What's unique about working artists among creative professionals is the way their education often leads to some acquaintance with the history of art. I don't know much about Shin Nagasawa's own background (a cursory search turns up some Pokemon cards, a dead website and a Pixiv account with some dubious illustrations of young girls), but I'm convinced the monster designs in this game were consciously influenced by the creatures in the work of Matthais Grunewald. There's a similar sense of texture and exaggerated motion, supported by a free sense of perspective and anatomy, that's so much like his work and so unlike the spritework in the prior game. It's distinct without being overstated, and I'd like to think Nagasawa chose it to support the northern-European feel of the game's setting, much as I'd like to think that somehow wasn't actually his Pixiv.

Where Etrian Odyssey was an effort to reduce the Wizardry-like to its essence and build a modern game around it, Heroes of Lagaard's got no such singularity of purpose. It's trying to balance familiarity and novelty well enough to make its place as a franchise on the Yoko Taro JRPG chart: to the former end there's frequent save points and limit breaks, and to the latter the cartography's more developed and the overworld enemies are turned from moderately challenging standard encounters to navigation puzzles. This is the version of Etrian which postdates the FOE flash animation.

At the same time, the game's substantially harder than the first.

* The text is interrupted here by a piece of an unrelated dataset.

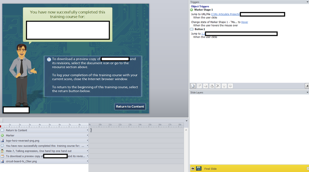 The two places I have created a return to content button are on the Success layer of the Results Slide and the /Last Final Slide. I've considered placing it only on the final slide, but the issues still exists.

It's considerably more likely that a random encounter will kill a party member in the first round of combat, the two defense skills which trivialized Etrian Odyssey's middle strata are absent, and fewer classes are worth using. In conjunction with the two extra checkpoints each stratum, the game has an approach to difficulty comparable to a modern indie platformer: it sends the player back five minutes, time after time, until she gets it.

There's something lost in the move from an externally-referential piece to a self-referential one, a game trying to perfect an Etrian formula, but it's enormously fun. The world art in Heroes of Lagaard is more varied and interesting, the music's better, the town NPC's are well-developed and endearing. There's no rubbing yourself against a wall until you find the hidden path to progress, and the auto-battle Earthbounds you through old areas. I was fully prepared to admit that the franchised version of Etrian was the superior one until the fifth stratum, which is impossibly lame in terms of visual and level design as well as narrative content. Overlord fucking sucks and I'm glad I cheesed him with Dominate.

The faster pace of the game and the volume of dialogue does, I think, dislodge the sense of fondness for one's party that Etrian Odyssey built up. More content-per-hour means less time to get bored and consider how the landsknecht feels about medieval social class.